Hassan had a restless night. Horrible dreams awoke him every instant, and yet he never wholly awoke, one phantom constantly supplanted the other in his agitated brain.
The raging blast broke open one of the windows and beat furiously against the wall, so that the coloured glasses crashed down upon the floor.
Aroused by the uproar, and gazing but half awake at the window, he saw the long curtain slowly approaching him as if some Dzhin were inside and had come thither to terrify him.

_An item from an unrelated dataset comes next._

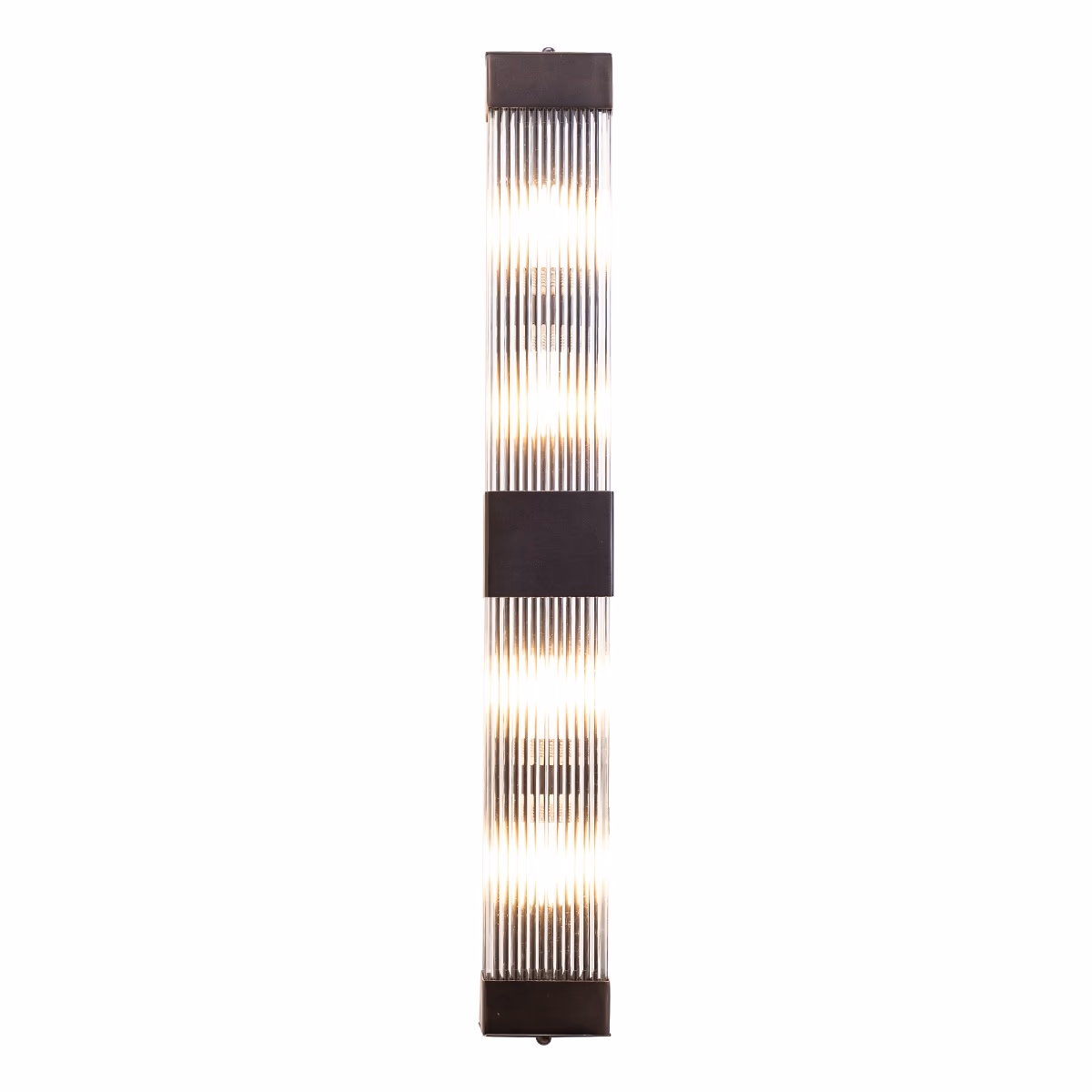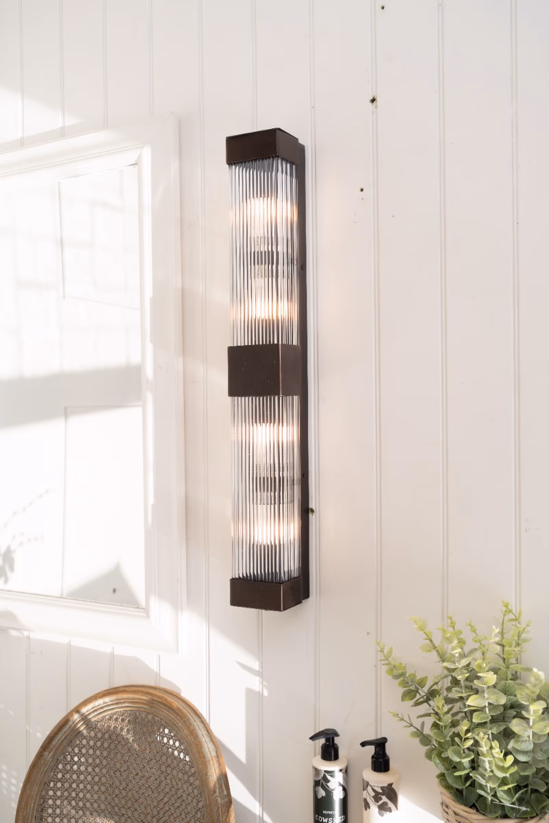 Nástěnné svítidlo Gatsby Double, inspirované estetikou Art Deco, zaujme svým výrazným obdélníkovým tvarem a ručně žebrovaným sklem, které vytváří jemné, rovnoměrně rozptýlené světlo. Dvojitý světelný prvek poskytuje vyšší světelný výkon a zároveň zachovává elegantní, kultivovaný vzhled.

"Who is that?" cried Hassan in terror, laying his hand on his sword.
It was no one. It was only the wind which had stiffened out the curtains, expanding them like a banner and blowing gustily into the room.
Hassan seized the curtain, pulled it away from the window, fastened it up by its golden tassels, and laid him down again. The wind returned to torment him and again worried the curtain till it had succeeded in unravelling the tassels, and again blew the curtain into the room.
And then the tapestries of the door and the divans began fluttering and flapping as if someone was tugging away at their ends, and the flame of the night-lamp on the tripod flickered right and left, casting galloping shadows on the wall.
"What is that? Have the devils been let loose in this palace?" Hassan asked himself in amazement.
The closed doors jarred in the blast as if someone was banging at them from the outside, and every now and then the bang of a window-shutter would respond to the howling of the blast.